Jerry Pournelle was the 1st thing I always read. Here was Mr. Cool Insider. My 1st computer was a TRS-80 and I wrote an AR system on it. Had to send my customer file to a casette tape to save billing information. Very nice as you could recycle old Customer backups with the latest Top 40 songs and they sounded great. I remember the BBS boards. Best thing was that there were no trolls or spam - only people wanting to help solve problems or share their latest tech discovery.

Sterling chip Camden
Sterling chip Camden

I was doing remote consulting work over a modem for years before the web became available. Nobody even had an internet email address back then. You actually had to call them on the phone to talk.

jasonhiner
jasonhiner

it became my primary source for breaking news of all kinds -- tech, sports, international news, politics, etc. (mostly Associated Press articles). I remember feeling like I was really on the cutting edge because I could read stories electronically a day before they'd appear in the newspapers. :-)

wizard57m-cnet
wizard57m-cnet

I remember especially the free utility programs from PC Magazine, as well as ZDNet. Made using DOS/Win3.1 a bit more pleasant. I probably still have a large collection of PCMag Utilitites on my old Pentium 166...and yes, it still boots up...when I use it now I primarily boot into plain old DOS, load up a RAMDisk driver, and off we go. As to AOHell, errr, AOL, I still have my AOL email addresses from like 16 years ago...my CompuServe address went away sometime around 1997. Sometimes I miss the old ways, the BBSes, the forums...the blazing speed of a 2400 BAUD modem compared to the old 300 I had!

cmonk
cmonk

I think it was called Interent before they had their own space and they had to rent it from the DARPA. That was back in the days just before Al Gore invented the Internet which then allowed them to have their own InterNET address.

wizard57m-cnet
wizard57m-cnet

Remember Jesse Berst?
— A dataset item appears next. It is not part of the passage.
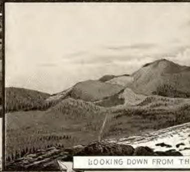
LOOKING DOWN FROM THE

I was a subscriber to "Berst Alerts"...lots of discussions posted via Lynx 386 for DOS, dialed up over a 14400 modem, or using Arachne for DOS...which I did a couple months ago here at TR just for fun! But at 33.6 and not 14.4, hehe

JCitizen
JCitizen

Yeah! And WOW that 1200 baud was lightning fast! HA! It surely was exciting times! I wonder if these kids getting their first smart phones/table PC can get that same feeling? Maybe with 4G 3D without glasses? I don't know - I guess it will never be quite as emotional and revolutionary as it was then - to me at least.

JCitizen
JCitizen

when I received it with a protocol translator called SCOM. I could see the future in that one, but I just couldn't afford the subscription fees as a lowly corporal in the Army. We did have our own little private internet for state employees over an 800 number, where we could communicate using Xerox memory writers. By the time I did actually get on the present day internet, the idea of it evaporated!

oldbaritone
oldbaritone

I had a 2nd phone line in my first apartment, the BBS line. NorthStar CP/M with two DS/DD floppies (5 1/4" 10 hard sector floppies - remember them?) and a homebrew power control tied to "Carrier Detect" so that when someone called the BBS, the computer booted up. That only took about 10 seconds in those days. :-) ANSI control characters, so the login prompt was in color. (Of course, if you didn't load ANSI.SYS, you got uninteligible garbage... but EVERY serious BBSer had ANSI.SYS loaded!) And I remember the day my college buddy brought his Heath H89 over, and we connected the two together using XMODEM on a serial cable at 9600 baud. WOW! Blazing hyperspeed. We couldn't believe it.